Furthermore, by placing a high-resistance layer between the conductive material for the anode and the solid electrolyte tube, the electrochemical reaction rate near the solid electrolyte tube interface can be reduced, allowing activation to occur from within the mat away from the solid electrolyte tube. The substance is precipitated, and the charge recovery property can be further improved.

Further, there is an effect that the mat of the conductive material for the anode can be manufactured more easily and at lower cost than in the past.

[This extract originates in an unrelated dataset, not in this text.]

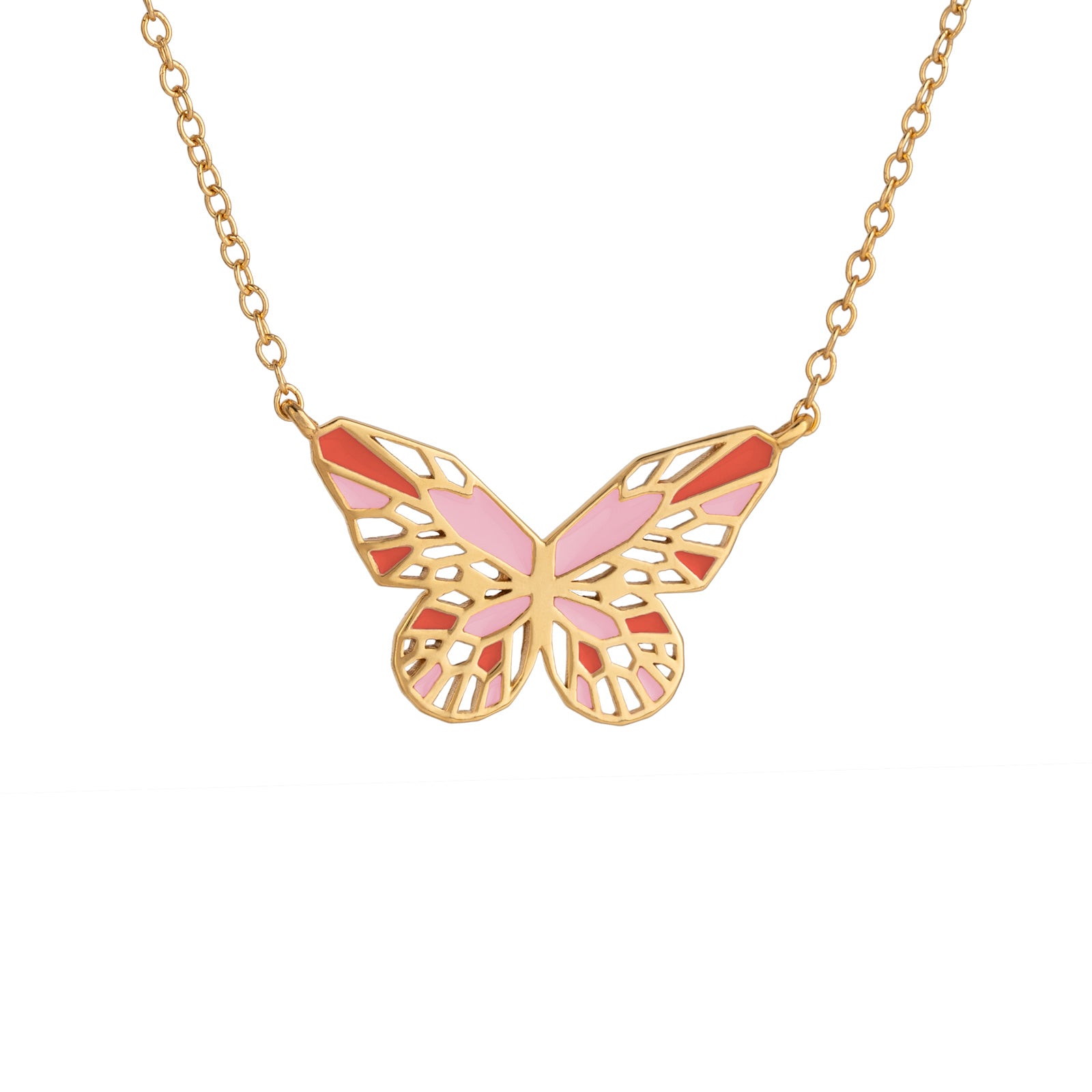 This butterfly necklace features intricate wings details hand decorated in coral and pastel pink enamel. It is feminine and delicate, ideal for everyday wear and for layering with other necklaces.

[Brief explanation of the drawing]

Figure 1 is a vertical sectional view of the central part of the sodium-sulfur battery of the present invention, Figure 2 is a sectional view of B-BIN in Figure 1, and Figure 3 is a part of the conductive material for the anode made up of three mats. An enlarged perspective view, FIG. 4(a) is an explanatory view showing a state in which the gauge is inserted at a predetermined depth in the thickness direction of the mantle, and FIG. 4(b) is an illustration of the state shown in FIG. 4(a). An explanatory diagram showing the state in which good plans have been removed, Figure 4 (
c) is an explanatory diagram showing a state in which a good gauge is inserted in the thickness direction of the ma/y. Fig. 4 (d) is an explanatory diagram showing a state in which a good gauge is removed from Fig. FIG. 5 is an explanatory diagram showing a multilayer structure formed by needle punching, and FIG. 6 is a diagram showing the charge/discharge characteristics of a sodium-sulfur battery. 2... Anode container, 5... Solid electrolyte tube, 9... Mat, 9a... Low orientation mat, 9b... Highly oriented mat, A... Alumina fiber cloth as a high resistance layer. M
...Conductive material for anode.

Claims (1)

[Scope of Claims] 1. A bottomed cylindrical solid electrolyte tube that has the function of selectively transmitting sodium ions to a cylindrical anode container containing a conductive material for an anode impregnated with sulfur as an anode active material. In the sodium-sulfur battery in which the solid electrolyte tube is inserted into the hollow part of the conductive material for the anode, the conductive material for the anode is needle punched in the thickness direction of the mat made of laminated fibers, and the solid electrolyte tube is inserted into the hollow part of the conductive material for the anode. The fibers oriented in the thickness direction by needle punching are oriented in the radial direction with respect to the solid electrolyte tube, and the fibers in the thickness direction of the mat on the solid electrolyte tube side are less oriented, so that the fibers of the mat on the anode container side are oriented in the radial direction. A sodium-sulfur battery characterized in that the fibers are highly oriented in the thickness direction. 2. In the low orientation layer in which fewer fibers are oriented in the radial direction, which is disposed on the solid electrolyte tube side, the ratio of the mat thickness direction fibers to the mat length direction fibers is [mat thickness direction fibers/
In the highly oriented layer in which many fibers are oriented in the radial direction and arranged on the anode container side, the ratio of the mat thickness direction fibers to the mat length direction fibers is set to 1 or less. Thickness direction fiber/mat length direction fiber] is 2~
20, and the thickness ratio of the highly oriented layer and the low oriented layer of the conductive material for the anode is [highly oriented layer/lowly oriented layer] from 1 to 1.
2. The sodium-sulfur battery according to claim 1, wherein the sodium-sulfur battery is in the range of 0. 3. The sodium-sulfur battery according to claim 1 or 2, wherein a high resistance layer having an internal resistance higher than that of the anode conductive material is provided between the anode conductive material and the solid electrolyte tube.